La représentation corticale précoce des stimuli visuels, auditifs et somato-sensitifs est située dans le néo-cortex unimodal. Au contraire, celle des sens gustatifs et olfactifs est située dans le cortex limbique et para-limbique. Ces dernières régions sont considérées comme importantes dans les processus émotionnels et dans la composante affective des stimuli externes. Cependant, bien que de nombreuses études sur les mécanismes de récompense chez l’ animal soient basées sur les aliments, la composante affective et de motivation pour les aliments reste peu explorée.
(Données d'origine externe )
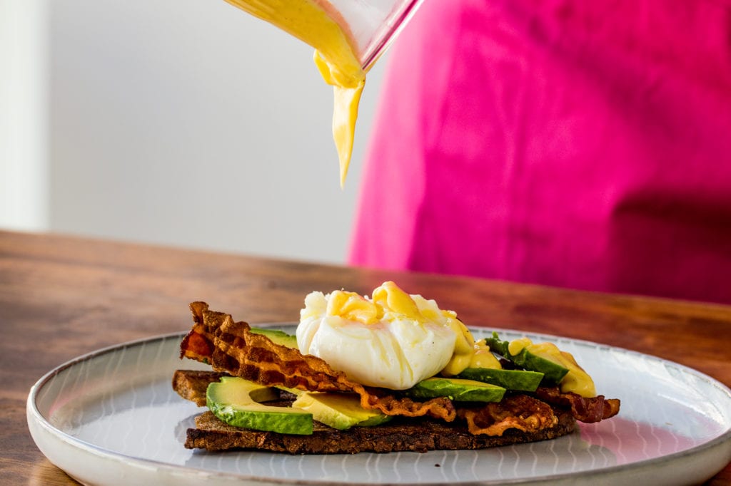 Gehe mit der Zeit und serviere zu Ostern das beliebteste Frühstück überhaupt! Wir haben die klassischen Eggs Benedict ein wenig abgestaubt und mit Avocado und Bacon auf knusprigem Bauernbrot serviert. Natürlich zeigen wir dir in unserem Video, wie du selbst eine Sauce Hollandaise machst. Es ist eigentlich gar nicht so schwer, trotzdem wirst du sicher vor Stolz platzen, wenn dir es zum ersten Mal gelingt, aus der recht flüssigen Masse eine wunderschön cremige Sauce zu rühren. Und lecker ist es obendrein!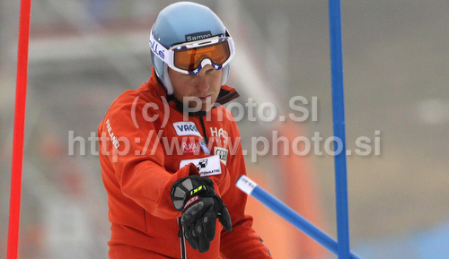 : Kalle Palander of Finland during inspection of first run of Men slalom race of FIS alpine skiing World Championships in Garmisch-Partenkirchen, Germany. Men slalom race of FIS alpine skiing World Championships, was held on Sunday, 20th of February 2011, in Garmisch-Partenkirchen, Germany.

Dans cette étude l’ activité cérébrale induite par la composante affective des aliments a été étudiée par scanographie PET (Positive Electron Tomography) lors de l’ ingestion de chocolat au-delà du seuil de satiété. Ainsi, les modifications du flux sanguin cérébral pouvaient être attribuées à l’ effet de récompense, puisque à la fois le stimulus sensoriel et la prise alimentaire étaient constants. Lors du début de l’ expérience, le fait de prendre du chocolat était en phase avec la motivation des volontaires, mais alors que la satiété était dépassée, le fait de prendre ce chocolat devenait contraire à la motivation. Dans cette expérience, le même geste était donc soit une récompense soit une punition ! Le fait de prendre du chocolat conduisait à une implication différente des régions limbiques néo-corticales ou chémo-sensibles lorsque les volontaires étaient très motivés pour en prendre ou au contraire motivés pour ne pas en prendre. Cette dissociation fonctionnelle était particulièrement nette dans le cortex orbito-frontal (OFC), le flux sanguin diminuant dans l’ OFC médian et augmentait dans l’ OFC latéral lorsque le valeur de récompense du chocolat devenait une aversion. Ce qui indique qu’ il peut y avoir une ségrégation de la représentation neuronale de la récompense et de la punition dans ces régions. Ces résultats suggèrent que deux systèmes de motivation sensoriels distincts co-existent : l’ un gouvernant les attitudes d’ attirance et l’ autre celles d’ évitement.

 

Changes in brain activity related to eating chocolate: from pleasure to aversion. Small DM, Zatorre RJ, Dagher A, Evans AC, Jones-Gotman M. Brain, 2001, 124 : 1720-33.